Por Rodrigo Faucz Pereira e Silva*
Artigo publicado originalmente no Estadão
No dia 12 de fevereiro a Assembleia dos Estados Partes do Estatuto de Roma elegeu o britânico Karim Khan para um mandato de nove anos como promotor do Tribunal Penal Internacional (TPI).
Seguindo a ordem costumeira de rodízio geográfico, considerando que o primeiro promotor foi da América do Sul (o argentino Luís Moreno-Ocampo) e a promotora atual é da África (Fatou Bensouda, da Gâmbia), foi natural a escolha de um europeu. No entanto, sua candidatura foi proposta pelo Quênia, provavelmente por conta da defesa bem-sucedida de Karim Khan como advogado do vice-presidente daquele país, acusado de crimes contra a humanidade no TPI, há alguns anos. Não obstante esse fato, que, frisa-se, não minimiza o mérito do jurista — pelo contrário —, o currículo acadêmico do novo promotor é expressivo: Doutor pela Oxford University, Mestre pela King’s College de Londres, além de ser autor de diversas publicações sobre direito penal internacional. Não menos impressionante é sua experiência: atualmente é assessor especial do secretário-geral da ONU para investigar os crimes cometidos pelo Estado Islâmico no Iraque, bem como atuou como advogado (tanto para acusados quanto para vítimas) em praticamente todos os tribunais internacionais (da ex-Iugoslávia, Ruanda, Camboja, Timor-Leste, Serra Leoa, Líbano e Kosovo).

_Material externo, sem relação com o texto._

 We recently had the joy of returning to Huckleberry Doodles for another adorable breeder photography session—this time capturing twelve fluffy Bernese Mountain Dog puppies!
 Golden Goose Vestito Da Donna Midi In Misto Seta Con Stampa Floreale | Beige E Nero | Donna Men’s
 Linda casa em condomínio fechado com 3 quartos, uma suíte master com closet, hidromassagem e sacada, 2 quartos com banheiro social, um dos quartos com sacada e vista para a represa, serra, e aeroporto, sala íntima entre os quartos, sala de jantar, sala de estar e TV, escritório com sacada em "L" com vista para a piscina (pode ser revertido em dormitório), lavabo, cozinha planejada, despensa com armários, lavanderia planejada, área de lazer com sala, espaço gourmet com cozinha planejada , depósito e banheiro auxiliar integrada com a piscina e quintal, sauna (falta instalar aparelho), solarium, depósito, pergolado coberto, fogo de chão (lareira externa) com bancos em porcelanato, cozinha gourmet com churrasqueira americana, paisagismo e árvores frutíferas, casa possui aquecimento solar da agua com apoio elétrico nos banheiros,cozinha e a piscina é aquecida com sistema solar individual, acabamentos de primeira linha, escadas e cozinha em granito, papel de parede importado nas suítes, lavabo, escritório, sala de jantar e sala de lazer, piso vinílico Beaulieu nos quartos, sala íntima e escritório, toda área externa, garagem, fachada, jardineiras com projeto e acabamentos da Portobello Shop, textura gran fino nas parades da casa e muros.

Foi também presidente da International Criminal Court Bar Association.
Entretanto, dois fatos chamam a atenção. Primeiro que sua candidatura foi avalizada por dois países que sequer fazem parte do TPI – mesmo que frequentemente sejam apontados como graves violadores de normas de direito internacional e de direitos humanos –, Estados Unidos e Israel. O segundo fato é que se trata de um cidadão britânico e o próprio Reino Unido é alvo de investigação pela Promotoria do TPI por crimes de guerra cometidos no Afeganistão.

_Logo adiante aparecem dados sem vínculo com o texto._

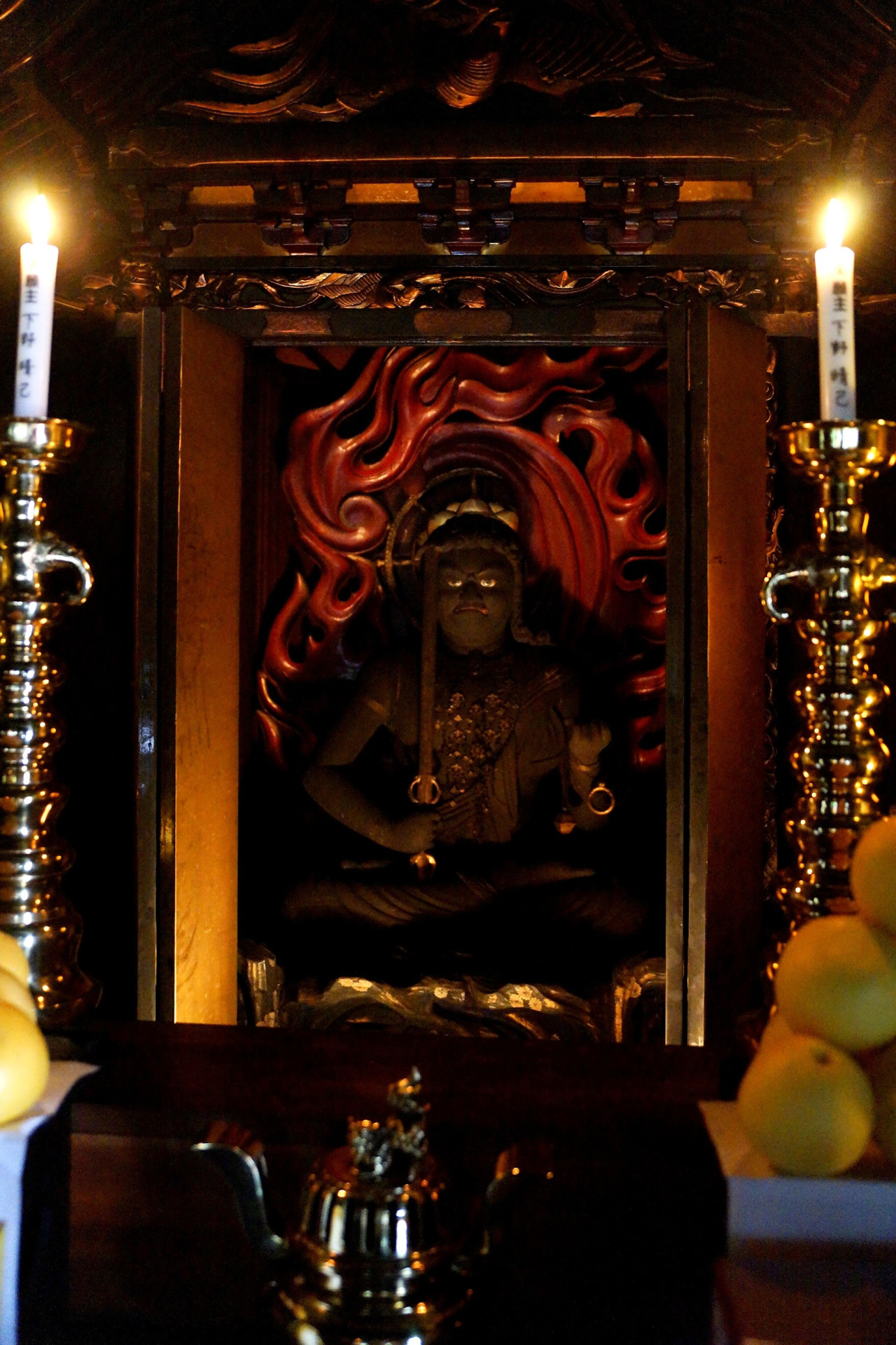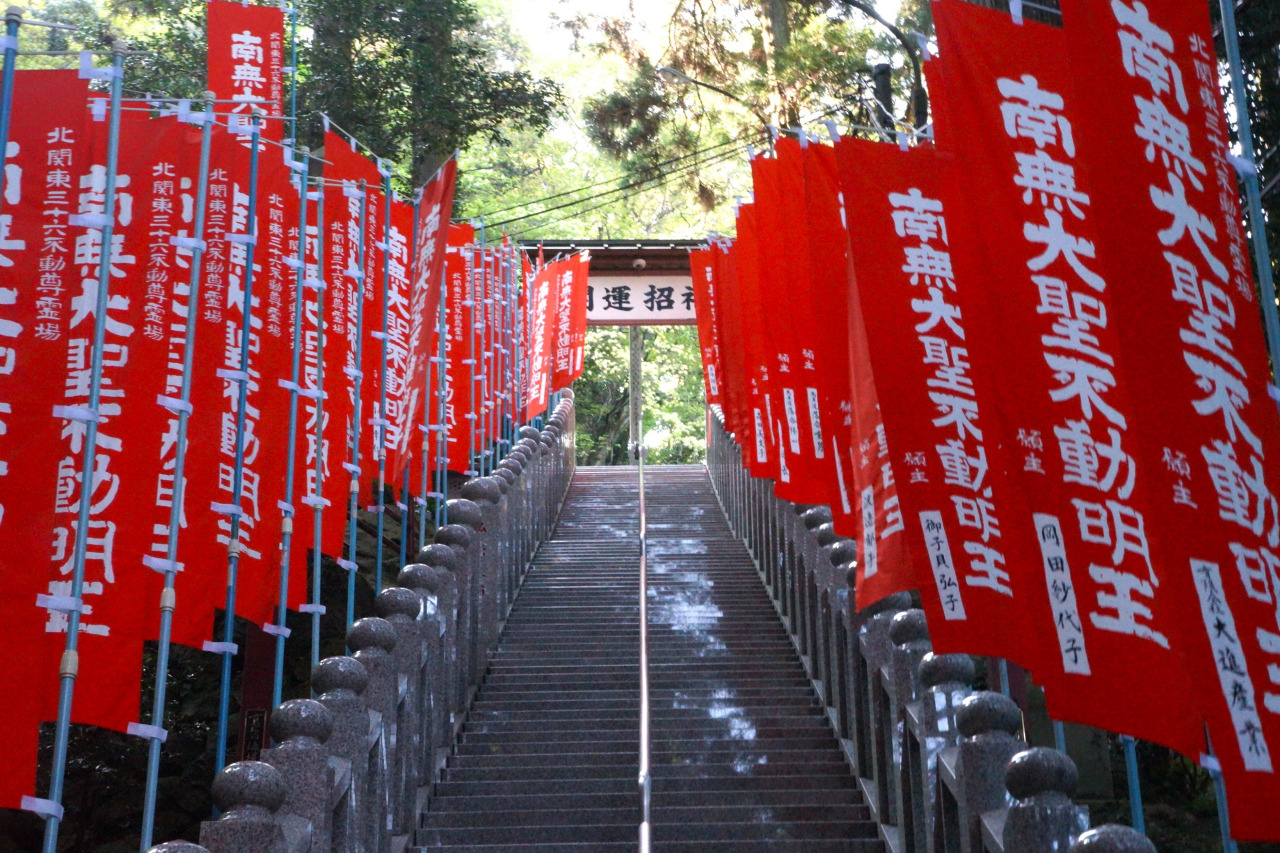 多気山の中腹に位置し、北関東三十六不動尊霊場の第十八番札所で「多気山不動尊」の名でも知られています。本尊の不動明王坐像は、高さ1.73mの寄木造りで平安時代後期に製作されたと伝えられ、さまざまなご利益を求め多くの方々から信仰を集めています。弘仁13(822)年、日光開山勝道上人の弟子尊鎮法師により創建されました。

De qualquer forma, as apostas são no sentido de que, tendo em vista o seu perfil e por ter transitado tanto na acusação quanto na defesa nas principais cortes mundiais, sua atuação deverá ser marcada pela diplomacia e respeito às normas legais, o que é importante em uma época em que o TPI está sob ataque de algumas das principais potências. Assim, tem-se a expectativa de que o novo promotor evitará conflitos diretos com países que são fundamentais para a própria consecução dos objetivos do Estatuto de Roma.
O que isso pode significar para Jair Bolsonaro? As “denúncias” contra o atual mandatário brasileiro, oferecidas por algumas organizações perante a promotoria em 2019 e 2020, estão em uma grande zona cinzenta, tanto pelo aspecto material (para alcançar os critérios legais de “base razoável” para a abertura de uma investigação formal), tanto em relação ao standard necessário para suplantar o princípio da complementariedade (em que se analisam as condições do próprio Estado em investigar e processar os potenciais violadores).

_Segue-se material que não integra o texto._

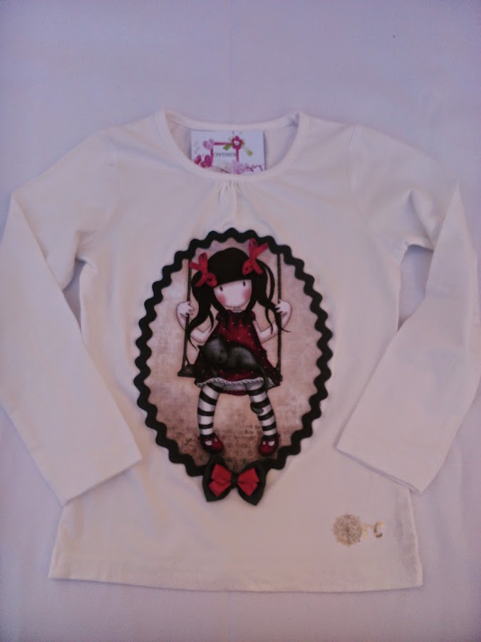 Los pasos a seguir son: - Pegar la aplicación a la camiseta con la fiselina, utilizando la plancha. Recortar la fiselina del mismo tamaño que la aplicación , en mi caso es un óvalo. - Hilvanar la piculina a todo el borde de la aplicación, teniendo cuidado de opillar el borde y de que no se vea por las ondas. - Pasar a máquina la piculina, para que quede bien fijado. - En la unión de la piculina hacer una lazada con el lazo verde, y podeis poner uno mas pequeño en burdeos, eso ya a gusto de cada uno. Yo lo he hecho doble. - opcional, hacer dos lacitos mini, y coserlos a las coletas de la muñeca. En la muñeca de esta aplicación me parecia ideal poner dos lacitos a las coletas, pero todo depende de la aplicación que tengais y la imaginación de cada uno. ..
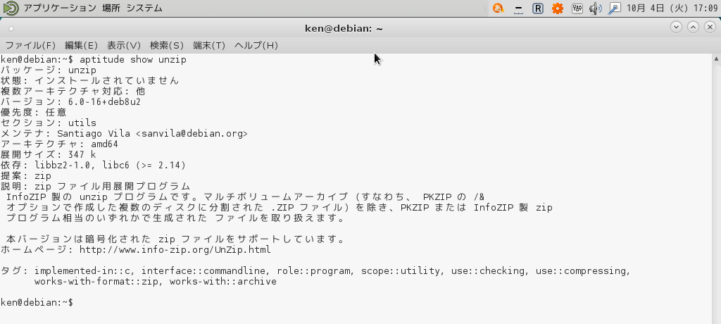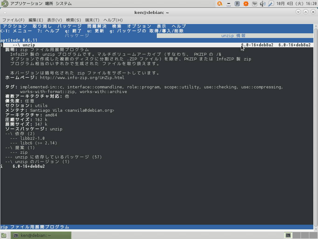 「unzip 情報」というタブが出来上がり情報が表示されるはずだ。タブを閉じるときは「q」を押せばよい。
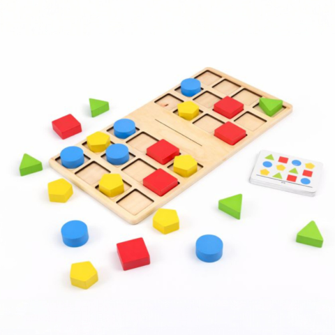 Tulajdonságai: Mérete: 29x15cm Anyaga: Fa Termék típusa: Gyerek fejlesztő játék Ajánlott életkor: 3+ Ez a fa alapú logikai játék kiválóan fejleszti a gyermekek gondolkodását, megfigyelőképességét és problémamegoldó készségét. A játék célja, hogy a mint
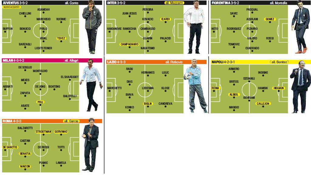 SERIE A MILAN INTER JUVENTUS NAPOLI ROMA FIORENTINA E LAZIO – Il campionato sta per cominciare anche se il calciomercato non è ancora chiuso: questo significa che ci sarà tempo fino al 2 settembre per le varie squadre di cercare di rafforzarsi al meglio con colpi mirati. Intanto, per quello visto fino ad oggi, ecco come giocherebbero le principali big della Serie A. Il club con volti più nuovi è la Roma che si rinforza non solo nel reparto arretrato (De Sanctis, Benatia e Maicon) ma anche a centrocampo (Strootman) e in attacco (Gervinho). Nella Fiorentina da sottolineare la nuova scoppiettante coppia d’attacco targata Gomez-Rossi. Nella Juventus non cambia molto rispetto al passato eccezion fattaper Tevez così come nel Milan (Poli). Il Napoli invece si è rafforzato molto con l’arrivo di Higuain e di altri elementi di spicco.

Como as denúncias até aqui contra o presidente partem de interpretações sobre crimes ambientais e sobre o enfrentamento da pandemia, um pedido formal de investigação da Promotoria para o TPI dependerá diretamente não apenas da apreciação pessoal do promotor sobre estas questões, mas também de quais serão suas bandeiras durante o mandato. Pesarão também as condutas do presidente nos últimos meses que, agindo intencionalmente contra as novas diretrizes científicas, estaria colocando todo o planeta em risco.
Nas condições atuais, um pedido para realização de uma investigação formal contra Jair Bolsonaro é um risco que precisará ser sopesado. Salvo melhor juízo, o Ministério Público brasileiro tem condições de investigar e, eventualmente, processar as condutas do presidente. Colocando na balança as críticas sofridas pela atual promotora do TPI, em decorrência de absolvições em casos em que os acusados ficaram presos por anos, há reinvindicações para que a nova gestão escolha casos com evidências sólidas. Karim Khan já sinalizou que focará em casos com chances reais de condenação pelo TPI.
Aliás, sua promessa de campanha foi justamente reformar completamente a Promotoria, atualmente composta por quase 400 funcionários, para torná-la mais eficiente.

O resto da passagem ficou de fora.